Global retail sales were “well below” pre-Covid trend observed between 2017 and 2019. “Adjusted for base distortions, growth in underlying demand in China remains much below pre-pandemic trends; sales in the EU (European Union) and Japan have flat-lined since the end of 2021 and continue to fall away from the pre-pandemic path,” said the report called Global Retail Sales Monitor.

“Sales in the US, which were supporting global goods demand, have weakened in the last two months and are now just 0.9 per cent above the pre-pandemic path.”

In the US, the share of goods in total consumption increased to 37 per cent during Covid-19 from 32 per cent earlier. This was due to fiscal support boosting aggregate demand and lockdowns restricting services. Now, the share of goods has again fallen to around 34 per cent.
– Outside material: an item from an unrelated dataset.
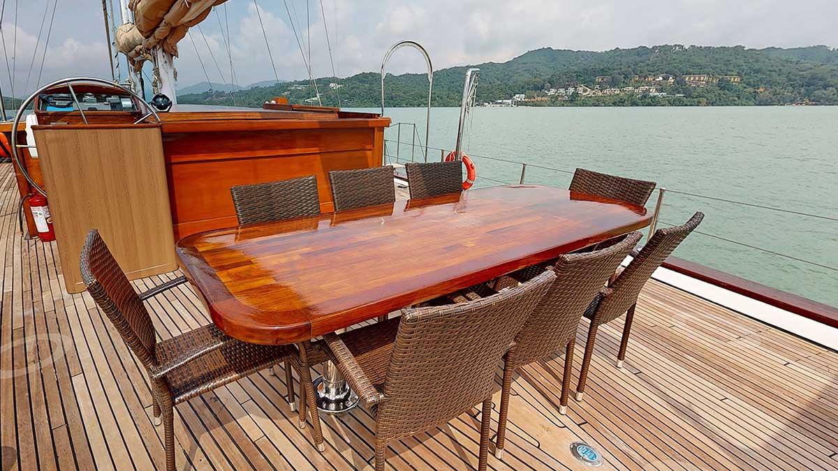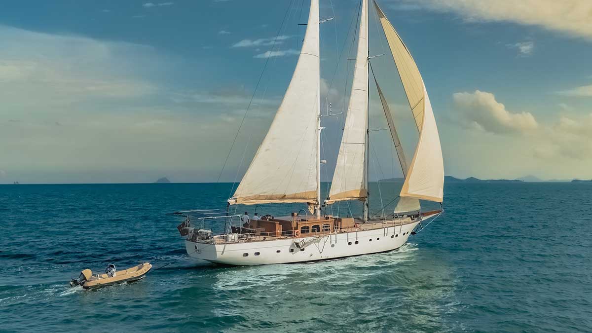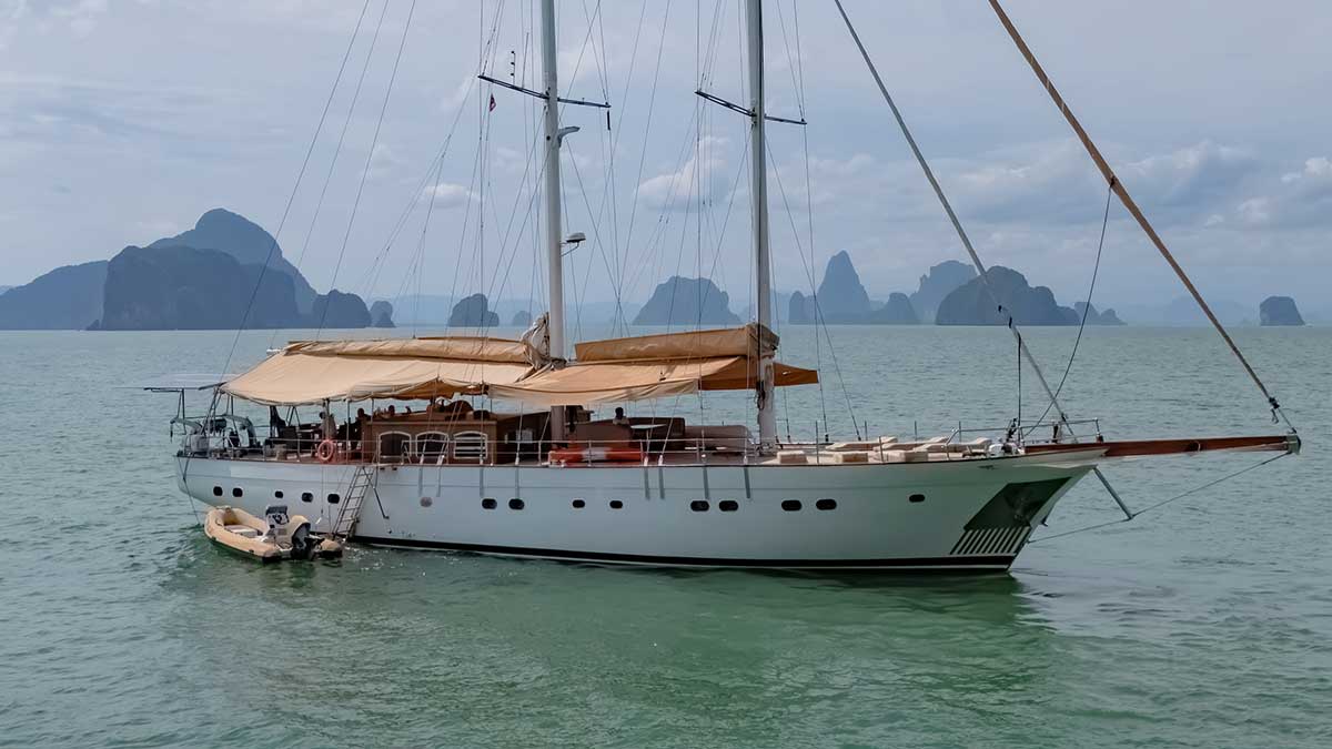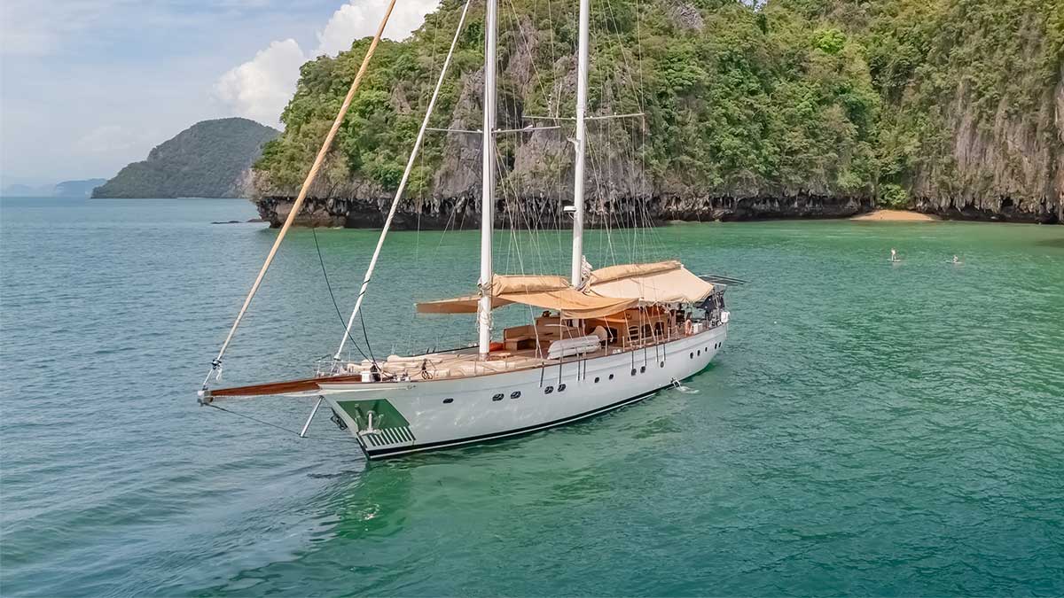The Born Free 90ft sailing yacht, available for charter in Phuket, offers a luxurious experience with three elegantly appointed cabins and a capacity for up to 16 guests. Perfect for those seeking comfort and style, Born Free 90ft features spacious cabins with high-quality wood finishes, air conditioning, a premium audio system, and a professional crew, including attentive stewards, to ensure a seamless experience.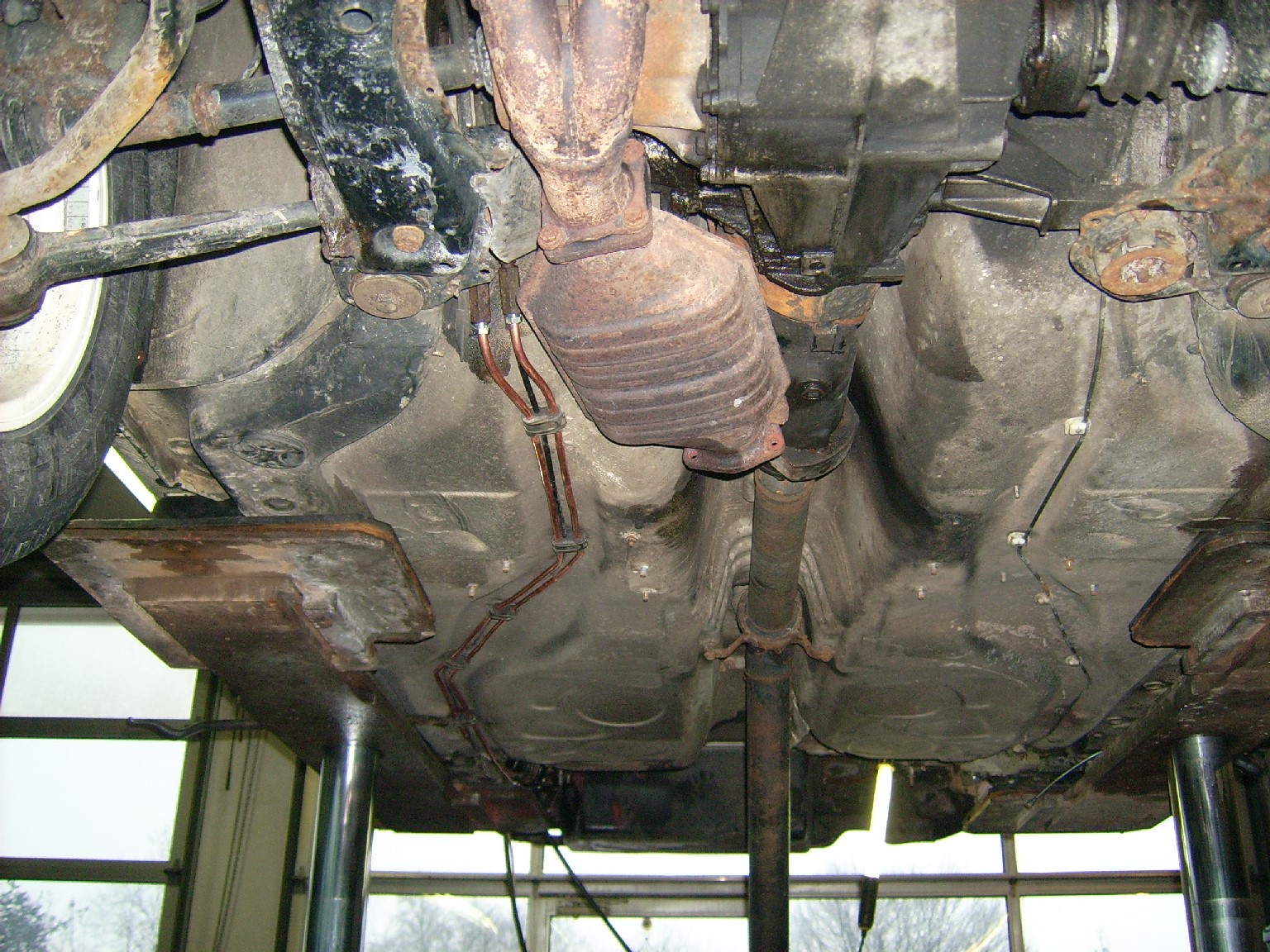 Problematisch ist der Bereich über der Hinterachse. Dort kommp man an den Druckspeicher kaum ran und die Leitungen sind extrem angegammelt.

“Whether excess household savings in the US have been depleted or not depends on trend-growth assumptions, but rising delinquency rates on US credit card debt and growth in debt outstanding point to growing pressures in economically weaker segments, especially given persistently higher rates,” said the report.

Excess savings in the US are on track to be depleted by March 2025. “Not only has the goods-to-services demand switch reversed, but the fiscal boost to growth is now fading rapidly. With restocking unlikely to boost factory output, the global growth outlook is likely to weaken, in our view,” it said.